两人沉默良久,楚辞终于想起来,上午时他说过要带季临去烤兔子。
“我今日忙忘了,”楚辞看了看外面的天色:“今日不早了,你怎么不早喊我?”
季临一边觉得为了两口吃的伤心实在幼稚,一边又克制不住地委屈,小声道:“可舅舅在办公,而且,我以为您记得的。”
楚辞又看了眼外面的天色,为难地商量道:“现在等我们进了长源山,再打一只兔子,天色就黑了,晚上在山里不安全,要不改日再去吧。”
没有办法,季临只好点了点头。
楚辞走近,蹲下来摸了摸他的头,认真道:“抱歉,下次一定不会忘记了。
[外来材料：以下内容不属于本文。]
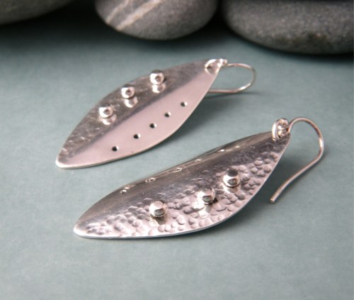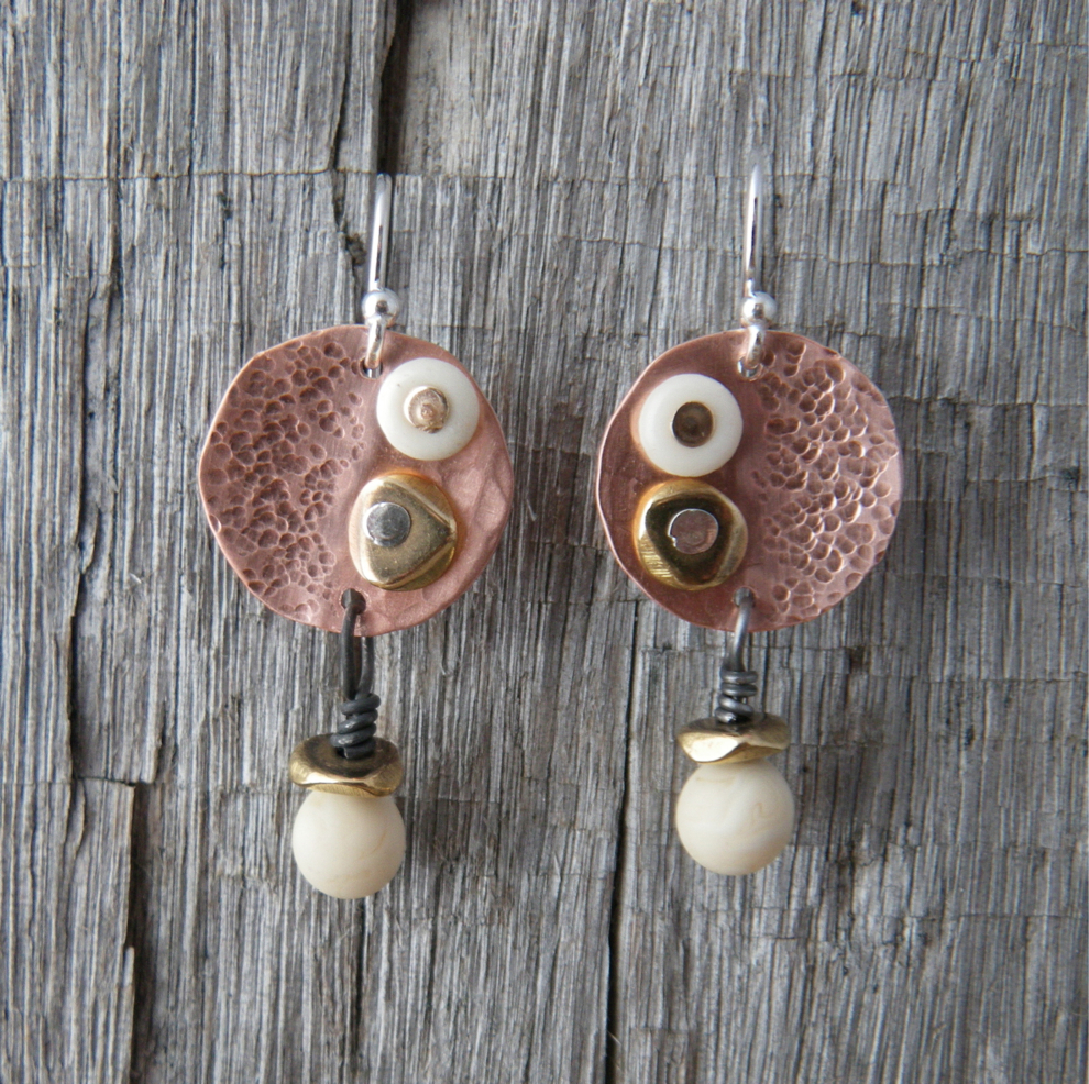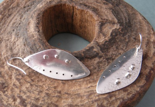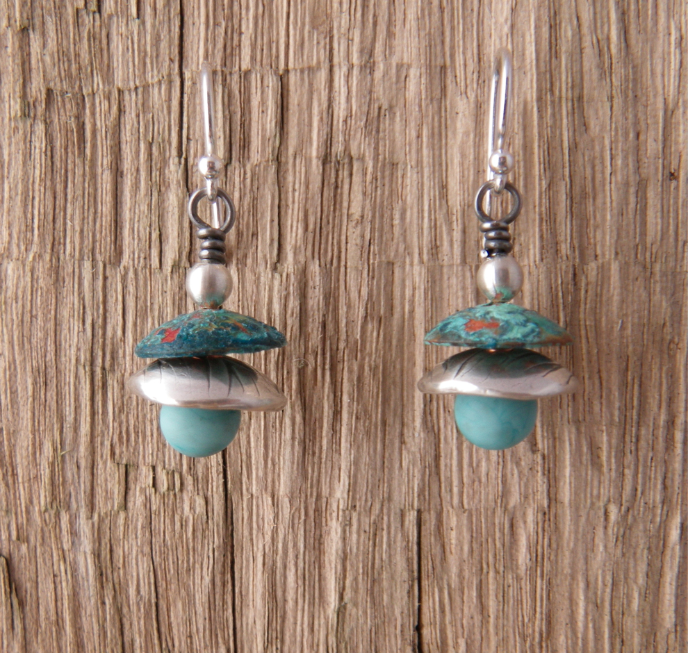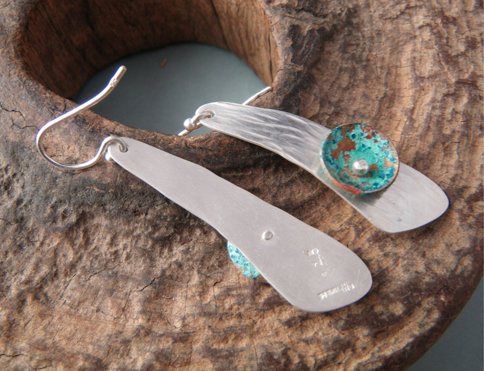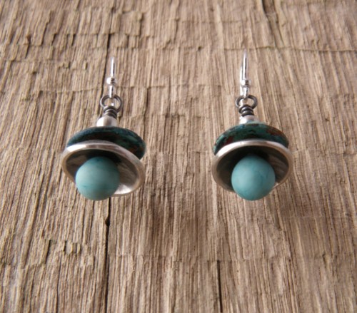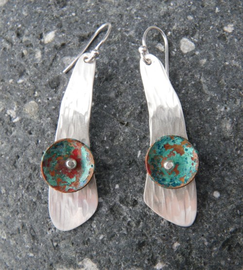 Silver was $36.97 today. Yikes. The cost of silver clay has become prohibitive. I’ve started thinking about sheet metal and simple fabrication. After an experiment with patina on copper discs, I decided to rivet them to some earring shapes I had cut from sterling silver sheet. I hammered the silver and gave it a hand finish, rather than a high polish. Not sure if I like the concave discs on this particular pair. The shape is from a template I made for toggle clasps, but it works out pretty well for an earring too.

”
季临又点了点头,抬头望着楚辞。
他的眸色微动,是在极力克制的委屈。
楚辞心神一晃,突然想起了周知辙,也是这样看着自己。
霎时间,楚辞脑子一冲,将季临拽起来:“改日不去了,就今天去。”
他今晚就是在山里被野兽咬死了,也要给季临烤兔子吃。
楚辞走的步伐很快,又不容拒绝,季临被他握着手腕,踉踉跄跄地跟上,眸色有些呆愣,却一眨不眨地望着楚辞的背影。